## WHAT YOU NEED TO DO
An exact copy of the records is needed; please leave the images out.
*** Opening of DATA RECORDS ***
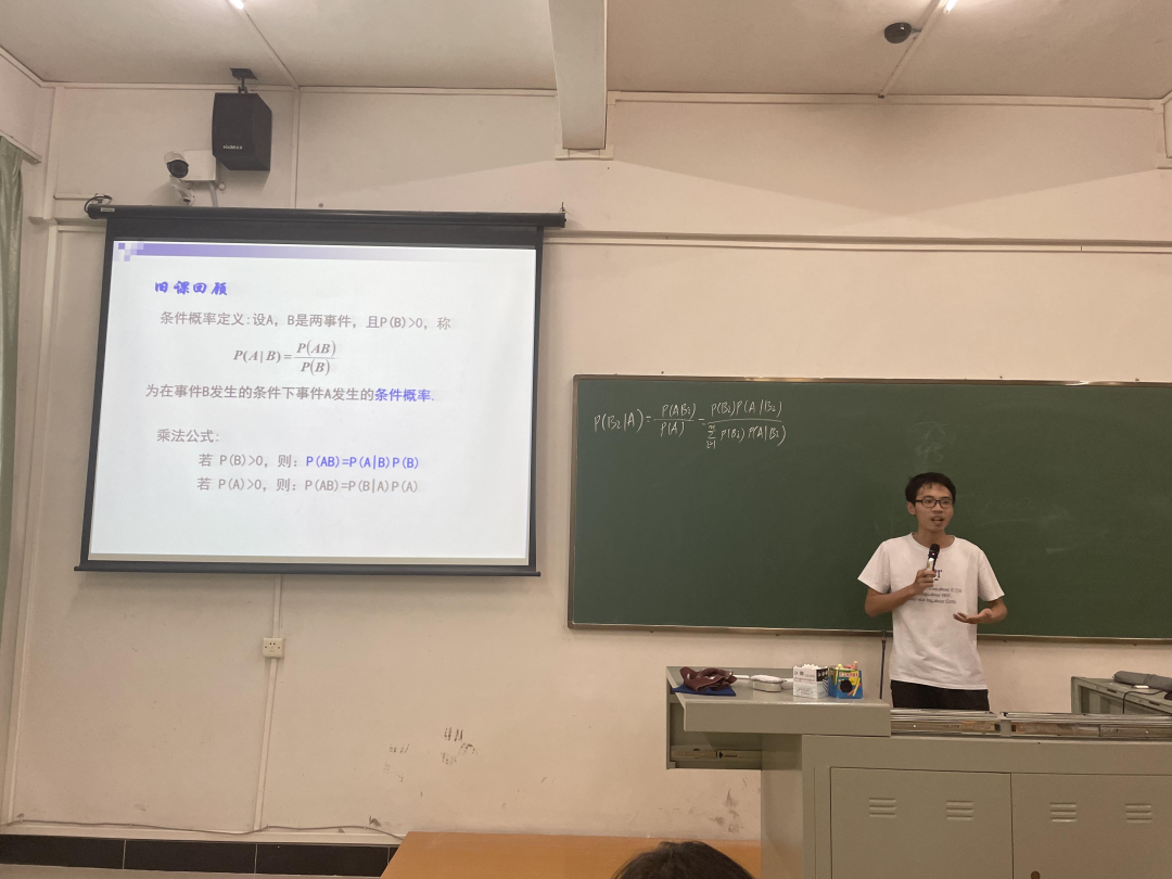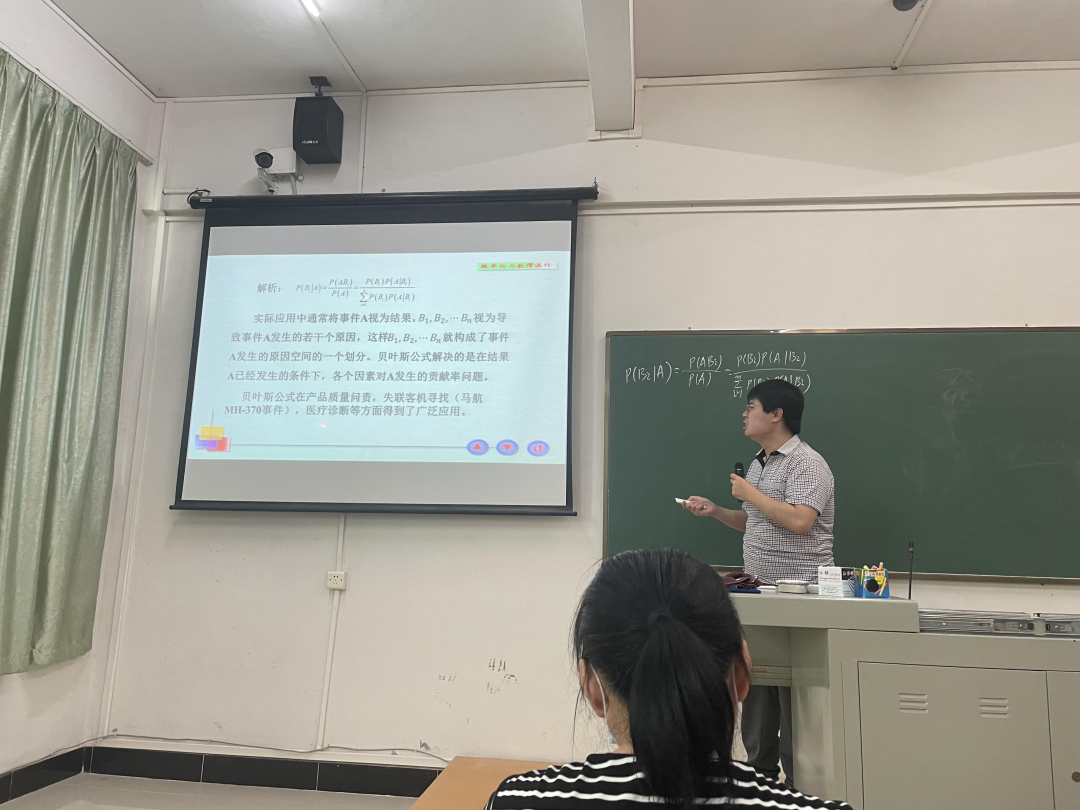 接着,邓誉老师采用“全球疫情失控”视频引入贝叶斯公式新课为大赛拉开帷幕,运用概率知识讲解产品正、次品验货、患疾病几率、马航失联客机搜索问题,课程内容丰富有趣,充分激发学生学习的积极性,体会概率论的魅力;
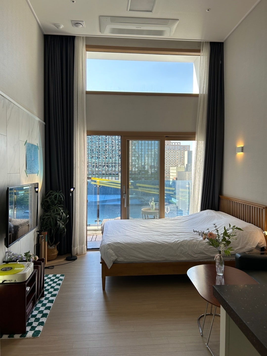 SH【机场1.7公里,5分钟】1张标准双人床的高级公寓,济州岛的中心
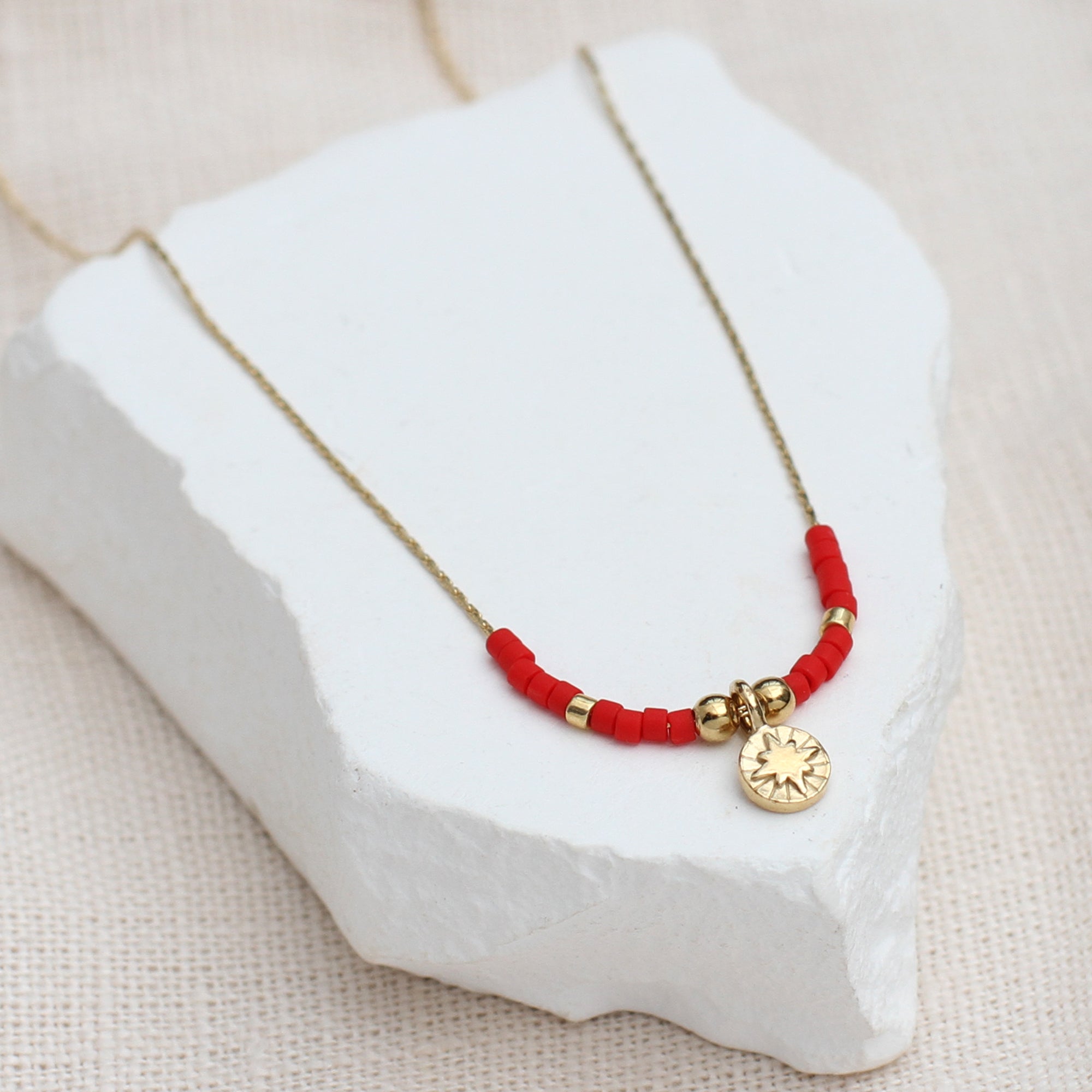 Personalised Gold or Silver Red Beaded Sun Charm Necklace
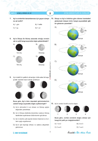 7. Ay’ın evrelerinin tamamlanması için geçen süreye 10. Dünya ve Ay’ın birbirine göre dönme hareketleri
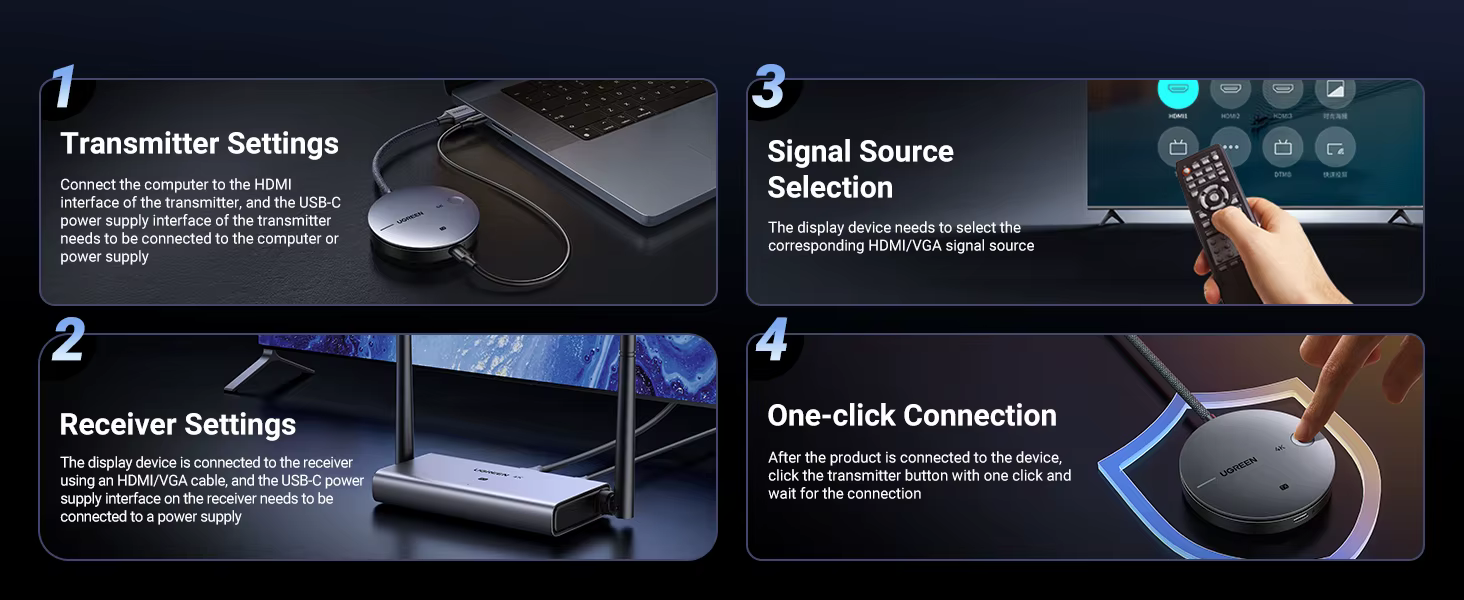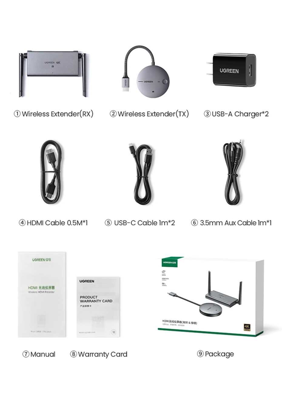 Comprar UGREEN-proyector de pantalla inalámbrico, Kit de transmisor y receptor de vídeo, extensor HDMI, 5G, 50M, transmisor Dongle para TV, PC, Monitor de PS5
*** Close of DATA RECORDS ***
## SOLVED EXERCISE
 接着,邓誉老师采用“全球疫情失控”视频引入贝叶斯公式新课为大赛拉开帷幕,运用概率知识讲解产品正、次品验货、患疾病几率、马航失联客机搜索问题,课程内容丰富有趣,充分激发学生学习的积极性,体会概率论的魅力;
 SH【机场1.7公里,5分钟】1张标准双人床的高级公寓,济州岛的中心
 Personalised Gold or Silver Red Beaded Sun Charm Necklace
 7. Ay’ın evrelerinin tamamlanması için geçen süreye 10. Dünya ve Ay’ın birbirine göre dönme hareketleri
 Comprar UGREEN-proyector de pantalla inalámbrico, Kit de transmisor y receptor de vídeo, extensor HDMI, 5G, 50M, transmisor Dongle para TV, PC, Monitor de PS5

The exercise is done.